Palestrante: Alice Américo – Coordenadora do Núcleo de Monumentos e Obras Artísticas do DPH (Departamento de Patrimônio Histórico)
Costuma-se dizer que contra fatos não há argumentos. De fato, este adágio serve para muitas situações cotidianas, mas pode ser relativizado quando se trata de fatos históricos. Não porque os fatos em si mudem, mas, geralmente, deles temos fragmentos que precisamos remontar para criar uma narrativa; ou, muitas vezes, os registros que temos são das personagens que viveram o fato e, por isso, não são contados de forma neutra. Outra possibilidade é o fato ter sido registrado muito tempo depois de sua ocorrência, vindo de tradições orais que, provavelmente, acabaram sofrendo alteração com o passar do tempo.
Além dessas, há outra situação que deve ser considerada: as sociedades são dinâmicas e, conforme mudam as estruturas sociais, altera-se também a forma de compreender as coisas.
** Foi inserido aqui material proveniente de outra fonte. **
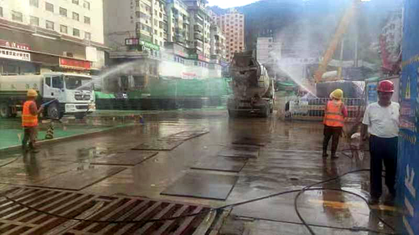 由兰州市政建设集团第四工程公司承建的兰州市五泉下广场提升改造工程项目正在紧锣密鼓的建设中。公司在全力保障工程工期质量等的同时,紧盯保护环境不放松,严格落实兰州市“六个百分百”要求,规范施工现场标准化管理,安装喷淋系统,遏制施工现场扬尘污染,有效助力大气污染防治,确保施工进度顺利进行,树立公司良好形象。
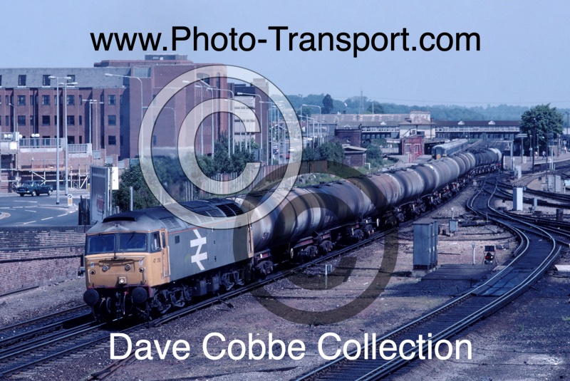 Class 47 No.47318 has just left Eastleigh Station going South West with oil tanker train  – No date
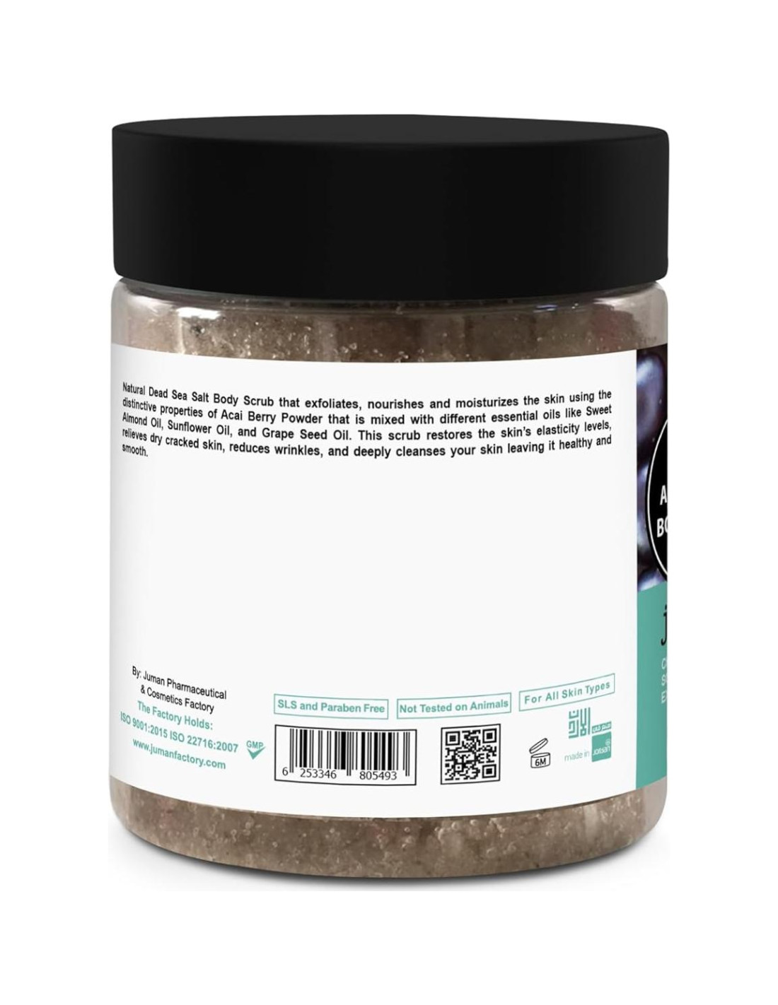 Desata el poder de la Baya con nuestro exfoliante elaborado con minerales del Mar Muerto y Extracto de Acai. Con los beneficios añadidos de aceites esenciales como Aceite de Almendra Dulce, Aceite de Girasol y Aceite de Semilla de Uva, este exfoliante ayuda a restaurar la elasticidad de la piel, eliminar las células muertas de la piel y rejuvenecer la piel opaca para impartir un brillo juvenil. INGREDIENTES: Maris Sal (Sal del Mar Muerto), Helianthus Annuus (Girasol) Aceite de Semilla, Aloe Barbadensis (Aloe Vera) Aceite de Hoja, Theobroma Cacao (Cacao) Manteca de Semilla, Argania Spinosa (Argán) Aceite de Núcleo, Acai (Euterpe Oleracea) Polvo, Butyrospermum Parkii (Manteca de Karité) Fruto, Prunus Amygdalus Dulcis (Almendra Dulce) Aceite, Vitis Vinifera (Uva) Aceite de Semilla, Tocopherol (Vitamina E). Maris Sal (Sal del Mar Muerto): Sales orgánicas ricas en magnesio que mejoran la hidratación de la piel y reducen la inflamación en la piel seca. Helianthus Annuus (Girasol) Aceite de Semilla: una gran fuente de vitamina E, rica en nutrientes y antioxidantes, y es efectiva para combatir problemas de cuidado de la piel, también tiene propiedades emolientes que ayudan a la piel a retener su humedad. Aceite de Hoja de Aloe Vera: tiene poderosas propiedades curativas probadas efectivas en el tratamiento de quemaduras solares y reducción de la visibilidad de cicatrices, también actúa como un agente hidratante. Manteca de Semilla de Cacao: tiene altos niveles de antioxidantes que ayudan a reparar la piel del daño solar y el envejecimiento, también calma el enrojecimiento y las imperfecciones. Acai (Euterpe Oleracea) Polvo: este polvo denso en nutrientes que está cargado de antioxidantes para combatir los signos de envejecimiento. Es rico en vitaminas A, B, C y E que revive tu piel, sana las células dañadas de la piel y restaura la humedad. INSTRUCCIONES DE USO: Mezcla primero la cáscara. Aplica generosamente en el área requerida del cuerpo (preferiblemente sobre la piel seca y limpia). Masajea suavemente en un movimiento circular, deja el exfoliante en tu piel durante unos minutos y luego enjuaga con agua tibia. Se recomienda usarlo (1-2) veces a la semana. INFORMACIÓN DEL PRODUCTO: - CPNP: 3510457 - Peso: 324.5g

Há o que caia em desuso, há objetos anteriormente inimagináveis que são criados, há hábitos tidos como corretos e que acabam se tornando indesejáveis ou até grotescos. Isto não altera, portanto, somente o presente, mas a leitura que se faz do passado. Deste modo, a História é dinâmica, sempre suscitando descobertas e reinterpretações conforme se avança nos estudos e observações dela.
Deste modo, os significados e valores dos fatos são alterados e, com eles, altera-se também a visão que se tem das pessoas que os ocasionaram ou viveram. Se, no passado, algo tido como invejável fazia alguém ser importante, a decadência ou até a proscrição deste hábito faz com que a estima desta pessoa decresça na sociedade atual ou, até mesmo, torne-se inconveniente, uma memória difícil. O exemplo mais clássico é o do nazismo. Entre as décadas de 1930 e 1940, na Alemanha, teve enorme apoio popular, mas os ideais hitlerianos de eugenia hoje são considerados genocídio e crime contra a humanidade.
Nessa esteira entram também os monumentos erigidos para as personalidades históricas. Justificáveis, em uma certa época, passam a ser uma lembrança incômoda em outra, quando os motivos para seu destaque deixam de ter valor para a sociedade atual ou afrontam os princípios que se busca erigir e seguir no presente. Diante disto, há três possibilidades: destruir o monumento, retirá-lo de seu lugar de destaque e levar para outro (um museu, por exemplo) ou deixar no lugar fazendo alguma intervenção que enseje o pensamento crítico sobre ele (como uma placa explicativa ou outro monumento que o ladeie).
Será que retirar um monumento é uma tentativa de apagamento histórico ou será uma tentativa de limpar o terreno para que novas ideias surjam? Será uma tentativa de esquecer o que nos formou ou abertura para uma formação mais alinhada com as releituras do presente? Será injusto com o passado ou justo com os que sofreram na mão daqueles que estão em destaque?
São muitas as perguntas. Para tentar ajudar na formulação de respostas, nesta edição do Diálogos no Museu, trazemos Alice Américo, Coordenadora do Núcleo de Monumentos e Obras Artísticas do Departamento do Patrimônio Histórico de São Paulo, para falar da questão dos monumentos, trazendo uma visão institucional sobre eles, posto que o Estado tenha sua salvaguarda.